Solutions to preventing and managing smashed property include perforated vinyl window coverings provided by a supporter in Johannesburg to remote schools and the partnering with insurance providers.
“SATIB insurance will replace any glass damaged by Ground-Hornbills with no change to your premium and no excess. This has been a huge help as they insure a lot of lodges across the country. We’re working on making this an industry standard, which would be a major step forward in protecting both the birds and the properties they interact with.”
The Mabula GroundHornbill Project has made real strides in Southern Ground-Hornbill conservation from building artificial nests that have seen chicks hatch and grow to raising community awareness and creating successful partnerships.
A huge achievement is the work that the project has done for Southern Ground-Hornbills outside protected areas.
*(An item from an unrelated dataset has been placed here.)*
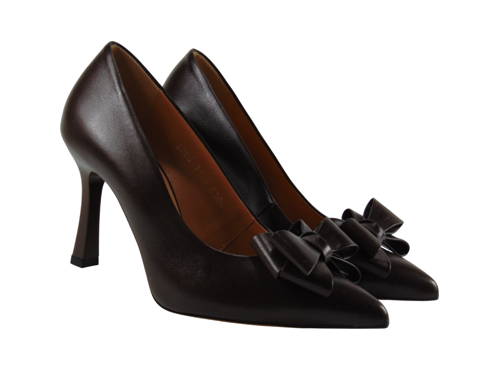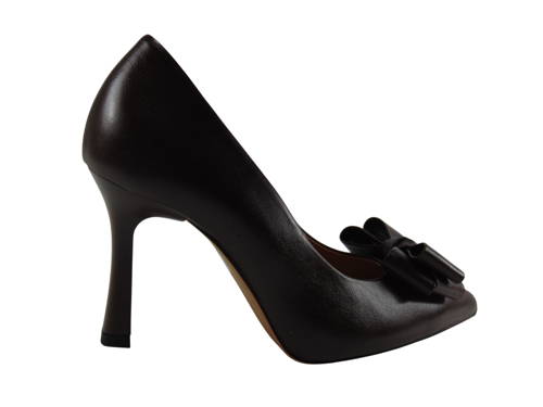 KORDEL-choco/hnedé kožené lodičky s mašľou G

“We’ve worked hard to raise awareness about the importance of conserving these birds living across multiple land uses such as communal grazing, timber, sugarcane, and cattle farming. That’s where we need to be putting the effort in. Shifting the conservation gaze in this way has been a significant accomplishment for us.”
Goals for the Future
The primary goal of the Mabula Southern Ground-Hornbill Project is to raise the number of Southern Ground-Hornbills so that they are no longer an endangered species. “This is the ultimate goal of any conservation project, and it would mean that we have succeeded in our efforts.”
The second goal is to share their treasure trove of experience and knowledge with countries across Africa, giving them the tools to succeed in their conservation of Southern Ground-Hornbills.
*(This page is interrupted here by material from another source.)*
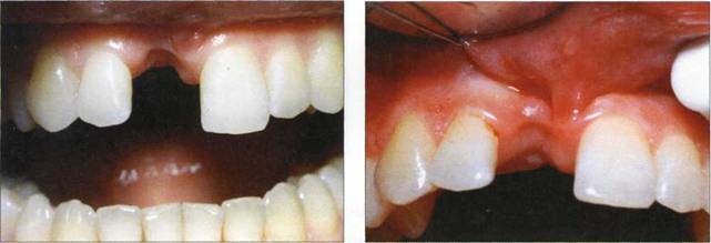 Клинический пример 29 Пациентке 21 год. Вторичная адентия 11 зуба. Включеный дефект в области 11 восстановлен путем применения материала "GlasSpan" и композиционной массы "Charisma" фирмы "Heraeus KULZER".

“We have learnt a lot of lessons over the years and want to share them with other range states. We are currently supporting conservation planning in Botswana, Namibia, Zimbabwe, and Kenya is next on the list, with the aim of helping other states start up their own conservation projects without making the same mistakes we did. We want to share what does and doesn’t work with them.”
The Mabula Ground-Hornbill Project also continues to pay it forward with their educational programme, a launch pad for young African conservation biologists.
“I love taking in young students who are just finishing their degree and giving them a real feel for conservation on the ground, making sure they have the skills and know how to fundraise, communicate, and run their own projects. It makes us happy to see them move on to new and exciting things.”
How Can We Support the GroundHornbill Project?
Reporting any sightings of Ground-Hornbills on the hotline or WhatsApp number is extremely helpful as sightings enable the Mabula Ground-Hornbill Project to collate data and put up camera traps and to know where nests need to be protected and where education and training are needed.
“Every single sighting is like gold to us and helps us understand where the birds are, where they aren’t, and where the problems are.”
People can also ‘Adopt a Nest’ for R10 000. This covers either the building of an artificial nest and the monitoring and potential harvesting of chicks or the protection of a wild nest from elephants.
A Corporate Social Investment (CSI) partnership would also be hugely beneficial in terms of providing the Mabula Ground-Hornbill Project with much-needed funding.
“Overall, the project needs long-term funding support and community support. Working with community custodians and champions and getting people to value the birds will also go a long way in protecting the Ground-Hornbills.”